On the validation set of MLVU, Video-XL with only 7B parameters even performs well on the single-choice taskBeyond the GPT-4o model. On data sets such as Video-MME and LongVideoBench, Video-XL also ranks first among long video understanding models of the same magnitude.
2. Super long video understanding:
Video-XL conducted a video “needle in a haystack” test to evaluate its ability to handle very long contexts. Both LLaVA-NexT-Video and LongLLaVA adopt simple location information extrapolation algorithms, but it is still difficult to understand the key information when more context is input.
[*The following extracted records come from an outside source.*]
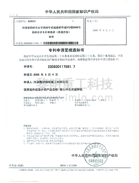 - 離心沖擊式破碎機(jī) 專利號:200930117581.7 >>查看證書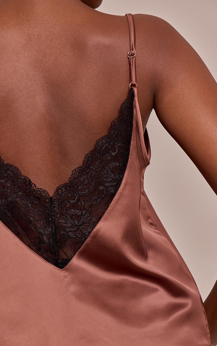 Make an effortless statement as dusk settles. The chocolate satin backless lace trim cami top delivers a confident cut in a rich brown hue, defined by its sleek square neckline and delicate spaghetti straps. Its relaxed drape ensures a sophisticated line that moves with purpose for evening. Pair this artful piece with tailored black pants or a sleek midi skirt, grounding the look with striking gold heels. Finish the ensemble with elegant drop earrings and a slouchy clutch bag for an assured evening aesthetic.Length approx 48.5cm/19inch (Based on sample size US 4)Model wears size UK 8/ EU 36/ AUS 8/ US 4Model Height - 5ft 9inchp]:!mb-4inch>Category: TopsProduct type: Cami TopColor: BrownMaterial: SatinDesign: PlainNeckline: Straight NeckSleeves: SleevelessOccasion: Evening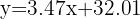 Ya revise el ejercicio y la ecuación es y=0.53x+302.91
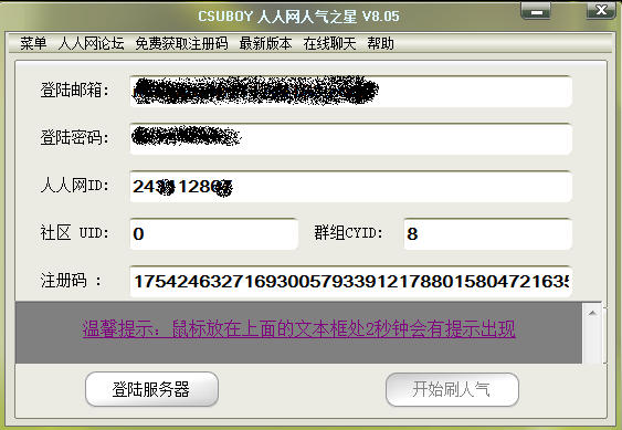 解决方法:大家可以看到社区UID是空的,这样自然是上不去啦。所以,登陆器界面的空全部是要填上去的。大家填写时一定要细心,不然可能会造成虽然登录,但是人气不长。

Although LongVA handles longer inputs by fine-tuning LLM, the high computational cost limits its ability to process approximately 400 frames on a single 80G GPU. In contrast, under the same hardware conditions, Video-XLInput with 16x compression ratio and 2048 framesreaching an accuracy of nearly 95%. This shows that Video-XL achieves the best balance between accuracy and computational efficiency.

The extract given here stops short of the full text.